In a proceeding pursuant to CELR article 75 to stay arbitration of an uninsured motorist claim, RLI Insurance Company appeals from a judgment of the Supreme Court, Queens County (Rios, J.), entered August 21, 2006, which, after a hearing, granted the petition.
Ordered that the judgment is affirmed, with costs.
The petitioner State Farm Mutual Automobile Insurance Company met its burden of establishing, prima facie, the existence of insurance coverage by RLI Insurance Company (hereinafter RLI) for the vehicle that was involved in the subject accident on May 25, 2002 through the submission of a police *581accident report and RLI’s response to a notice to admit. The burden thus shifted to RLI to establish a lack of coverage or a timely and valid disclaimer of coverage (see Matter of Mercury Ins. Group v Ocana, 46 AD3d 561 [2007]; Matter of Eagle Ins. Co. v Rodriguez, 15 AD3d 399 [2005]; Matter of Allstate Ins. Co. v Frederick, 266 AD2d 283 [1999]).

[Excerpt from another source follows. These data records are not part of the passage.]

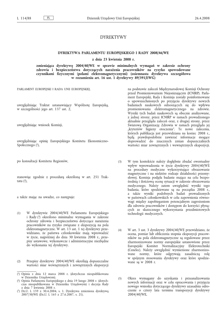 L 114/88 PL Dziennik Urzędowy Unii Europejskiej 26.4.2008 DYREKTYWY DYREKTYWA PARLAMENTU EUROPEJSKIEGO I RADY 2008/46/WE z dnia 23 kwietnia 2008 r. zmieniająca dyrektywę 2004/40/WE w sprawie minimalnych wymagań w zakresie ochrony zdrowia i bezpieczeństwa dotyczących narażenia pracowników na ryzyko spowodowane czynnikami fizycznymi (polami elektromagnetycznymi) (osiemnasta dyrektywa szczegółowa w rozumieniu art. 16 ust. 1 dyrektywy 89/391/EWG) na podstawie zaleceń Międzynarodowej Komisji Ochrony przed Promieniowaniem Niejonizującym (ICNIRP). Parlament Europejski, Rada i Komisja zostały poinformowane o upowszechnionych po przyjęciu dyrektywy nowych badaniach naukowych odnoszących się do wpływu promieniowania elektromagnetycznego na zdrowie. Wyniki tych badań naukowych są obecnie analizowane, z jednej strony, przez ICNIRP w ramach prowadzonego aktualnie przeglądu zaleceń oraz, z drugiej strony, przez Światową Organizację Zdrowia w ramach przeglądu jej „kryteriów higieny otoczenia”. Te nowe zalecenia, których publikacja jest przewidziana na koniec 2008 r., będą prawdopodobnie zawierać informacje mogące doprowadzić do znacznych zmian dopuszczalnych wartości miar zewnętrznych i wewnętrznych ekspozycji. PARLAMENT EUROPEJSKI I RADA UNII EUROPEJSKIEJ, uwzględniając Traktat ustanawiający Wspólnotę Europejską, w szczególności jego art. 137 ust. 2, uwzględniając wniosek Komisji, uwzględniając opinię Europejskiego Komitetu EkonomicznoSpołecznego (1), po konsultacji Komitetu Regionów, (3) W tym kontekście należy dogłębnie zbadać ewentualny wpływ wprowadzenia w życie dyrektywy 2004/40/WE na procedury medyczne wykorzystujące obrazowanie magnetyczne i na niektóre rodzaje działalności przemysłowej. Komisja podjęła badanie mające na celu bezpośrednią i ilościową ocenę sytuacji w zakresie obrazowania medycznego. Należy zatem uwzględnić wyniki tego badania, które spodziewane są na początku 2008 r., a także wyniki podobnych badań prowadzonych w państwach członkowskich w celu zapewnienia równowagi między zapobieganiem potencjalnym zagrożeniom dla zdrowia pracowników i dostępem do korzyści płynących ze skutecznego wykorzystania przedmiotowych technologii medycznych. (4) W art. 3 ust. 3 dyrektywy 2004/40/WE przewidziano, że ocena, pomiar lub obliczenia stopnia ekspozycji pracowników na pola elektromagnetyczne są regulowane przez zharmonizowane normy europejskie ustanowione przez Europejski Komitet Normalizacyjny Elektrotechniki (Cenelec). Należy uwzględnić wymienione zharmonizowane normy, które odgrywają zasadniczą rolę w spójnym stosowaniu dyrektywy oraz które spodziewane są w 2008 r. (5) Okres wymagany do uzyskania i przeanalizowania nowych informacji oraz w celu opracowania i przyjęcia nowego wniosku dotyczącego dyrektywy uzasadnia odroczenie o cztery lata terminu transpozycji dyrektywy 2004/40/WE, stanowiąc zgodnie z procedurą określoną w art. 251 Traktatu (2), a także mając na uwadze, co następuje: (1) (2) W dyrektywie 2004/40/WE Parlamentu Europejskiego i Rady (3) określono minimalne wymagania w zakresie ochrony zdrowia i bezpieczeństwa dotyczące narażenia pracowników na ryzyko związane z ekspozycją na pola elektromagnetyczne. W art. 13 ust. 1 tej dyrektywy przewidziano, że państwa członkowskie mają wprowadzić w życie, najpóźniej do dnia 30 kwietnia 2008 r., przepisy ustawowe, wykonawcze i administracyjne niezbędne do wykonania tej dyrektywy. Przepisy dyrektywy 2004/40/WE określają dopuszczalne wartości miar wewnętrznych i zewnętrznych ekspozycji (1) Opinia z dnia 12 marca 2008 r. (dotychczas nieopublikowana w Dzienniku Urzędowym). (2) Opinia Parlamentu Europejskiego z dnia 19 lutego 2008 r. (dotychczas nieopublikowana w Dzienniku Urzędowym) i decyzja Rady z dnia 7 kwietnia 2008 r. (3) Dz.U. L 159 z 30.4.2004, s. 1. Dyrektywa zmieniona dyrektywą 2007/30/WE (Dz.U. L 165 z 27.6.2007, s. 21). 26.4.2008 PL Dziennik Urzędowy Unii Europejskiej L 114/89 Artykuł 2 PRZYJMUJĄ NINIEJSZĄ DYREKTYWĘ: Niniejsza dyrektywa wchodzi w życie z dniem jej opublikowania w Dzienniku Urzędowym Unii Europejskiej. Artykuł 1 Artykuł 13 ust. 1 akapit pierwszy dyrektywy 2004/40/EWG otrzymuje brzmienie: Artykuł 3 Niniejsza dyrektywa skierowana jest do państw członkowskich. Sporządzono w Strasburgu, dnia 23 kwietnia 2008 r. „1. Państwa członkowskie wprowadzą w życie przepisy ustawowe, wykonawcze i administracyjne niezbędne do wykonania niniejszej dyrektywy najpóźniej do dnia 30 kwietnia 2012 r. Niezwłocznie informują o tym Komisję.”. W imieniu Parlamentu Europejskiego W imieniu Rady H.-G. PÖTTERING J. LENARČIČ Przewodniczący Przewodniczący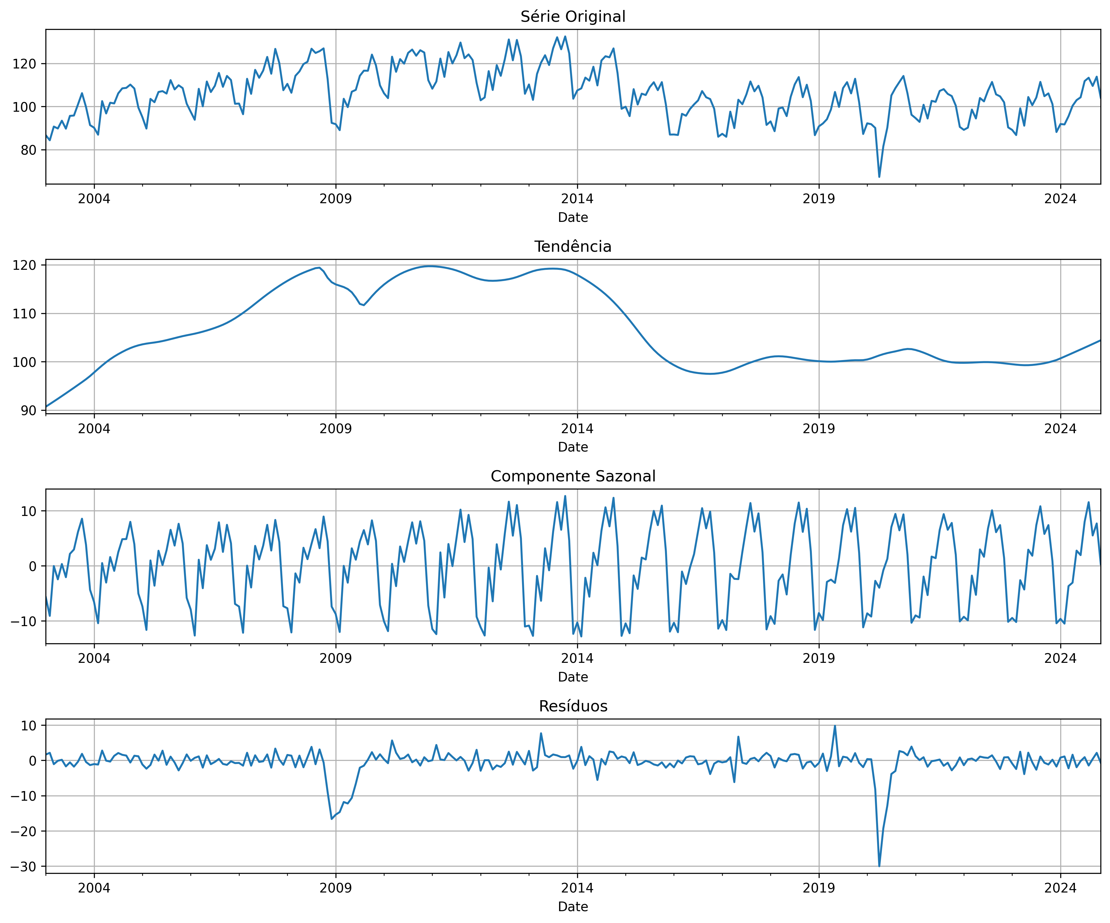 A decomposição STL (Seasonal-Trend Decomposition using LOESS) é uma técnica para dividir uma série temporal em três componentes principais: tendência, sazonalidade e resíduos. A tendência reflete a direção geral da série ao longo do tempo, capturando variações de longo prazo, enquanto a sazonalidade representa padrões recorrentes em intervalos regulares, como flutuações anuais ou mensais previsíveis. Já os resíduos correspondem à parte imprevisível ou aleatória, que não pode ser explicada pela tendência ou sazonalidade, como eventos únicos ou erros.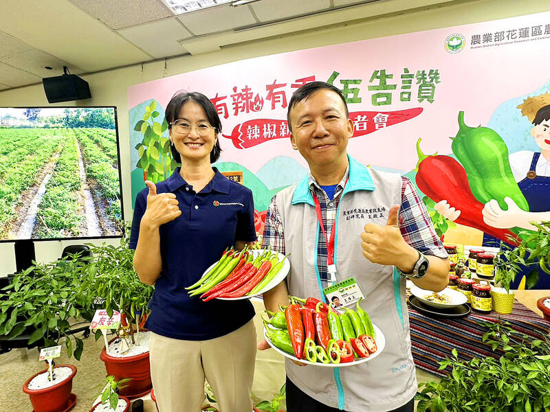 Asian Vegetable Research and Development Center researcher Lin Shih-wen, left, and Hualien District Agricultural Research and Extension Station researcher Wang Chi-cheng, present new chili varieties at a news conference in Taipei yesterday. The two new varieties — thinner, medium spicy “Youhsin” and fatter, slightly spicy “Youhsiang” — were introduced to improve the problem of chilies being too spicy in summer and make them easier to eat when processed or stir-fried.
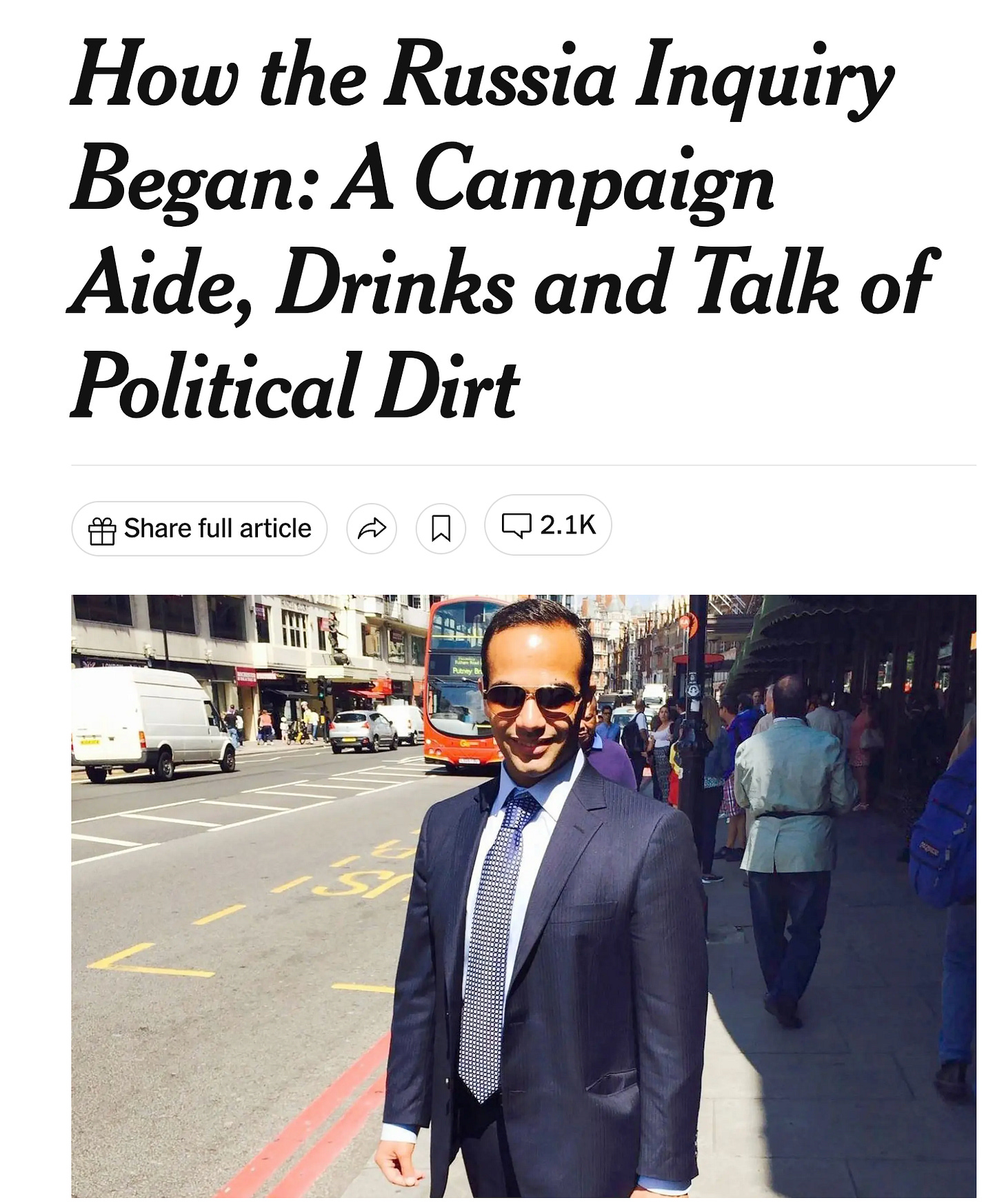 This paragraph is an outrage. It’s carefully written to conceal how utterly the Times botched one of the most impactful stories of the Russiagate affair, a story called “How the Russia Inquiry Began: A Campaign Aide, Drinks and Talk of Political Dirt.” This professed to be the origin story of Russiagate, explaining that on July 26th, 2016, four days after Wikileaks leaked thousands of documents damaging to the Democratic Party, Australian authorities told American counterparts about a suspicious Russia-themed conversation Trump aide George Papadopoulos had with a diplomat named Alexander Downer.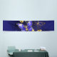 Composition of luxurious sapphire and gold jewelry butterflies on blue textured background.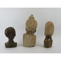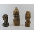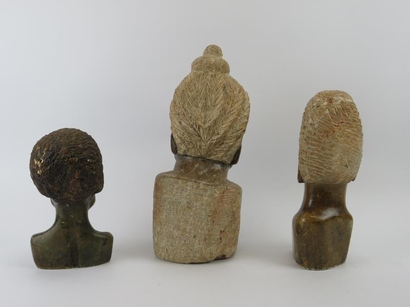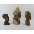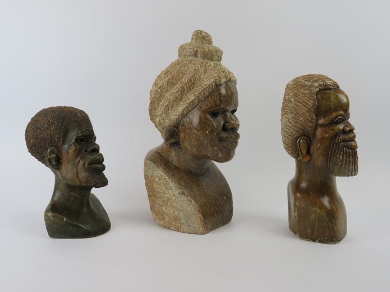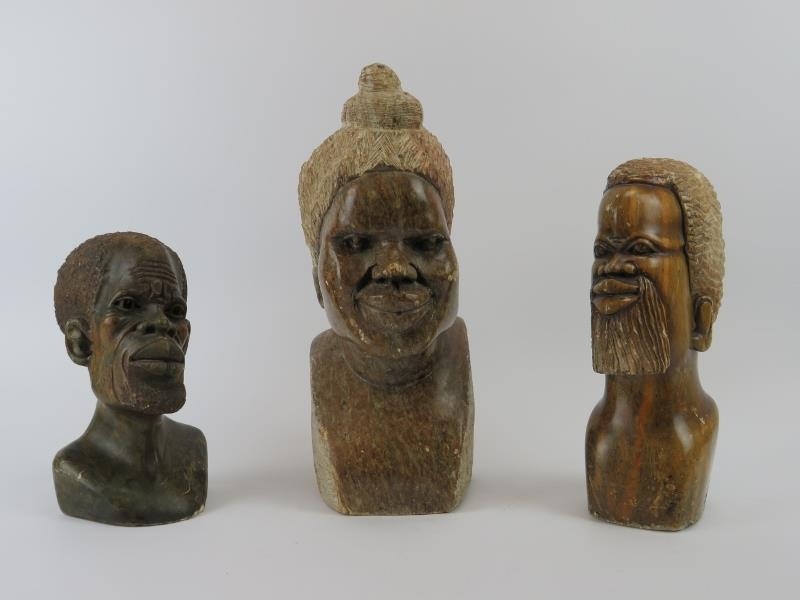 Three African hand carved stone heads. (3 items) 35 cm tallest height.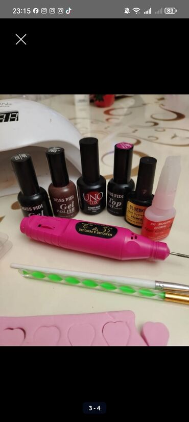 - Gel laklar: Miss Fidi (bir neçə rəng), UNO LUX Rubber Base, Miss Fidi Top Coat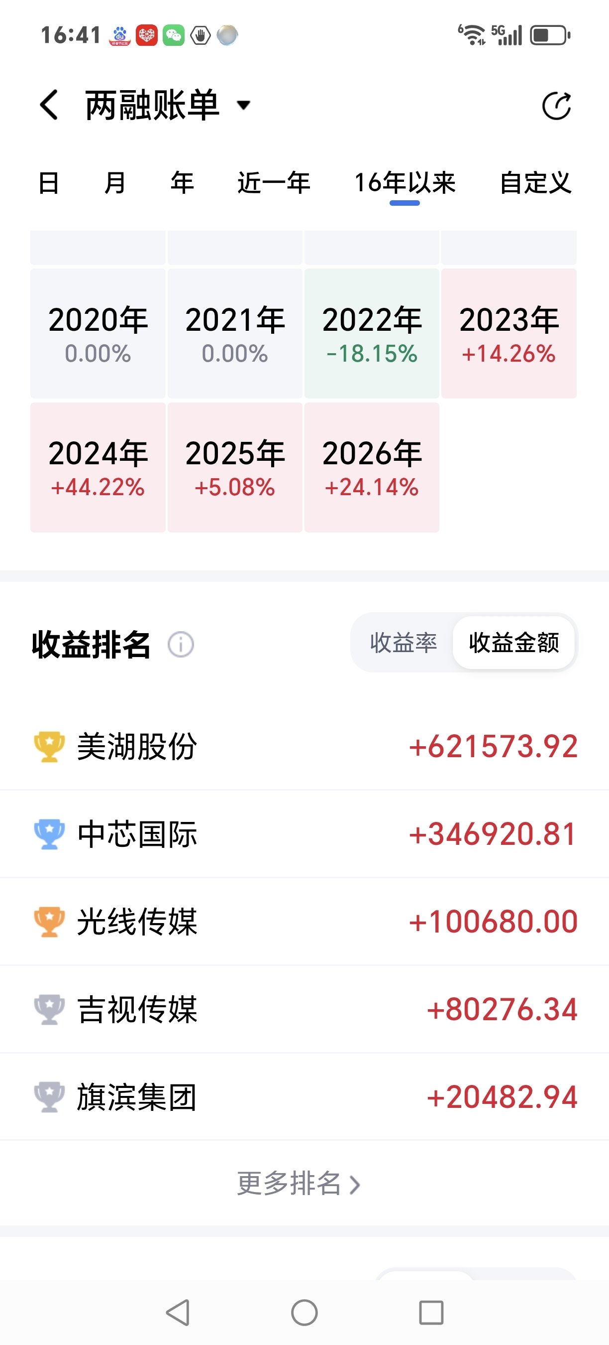 $美湖股份(SH603319)$ 我在美湖还是挣了钱的,二融账户16年以来盈利60多万。普通账户盈利30万。

RLI failed to meet its heavy burden of establishing a valid disclaimer based on the asserted lack of cooperation of its insured, Sunrise Auto Enterprises, Inc. (see Preferred Mut. Ins. Co. v SAV Carpentry, Inc., 44 AD3d 921 [2007]; Allstate Ins. Co. v United Intl. Ins. Co., 16 AD3d 605 [2005]). RLI also failed to meet its burden of justifying the delay in its purported service of a notice of disclaimer (see Delphi Restoration Corp. v Sunshine Restoration Corp., 43 AD3d 851 [2007]). An unsatisfactory explanation renders delay in disclaiming coverage unreasonable as a matter of law (see First Fin. Ins. Co. v Jetco Contr. Corp., 1 NY3d 64 [2003]; Tally Constr. Co., Inc. v TIG Ins. Co., 43 AD3d 1150 [2007]).
RLI’s remaining contentions are without merit. Ritter, J.P., Miller, Dillon and Angiolillo, JJ., concur.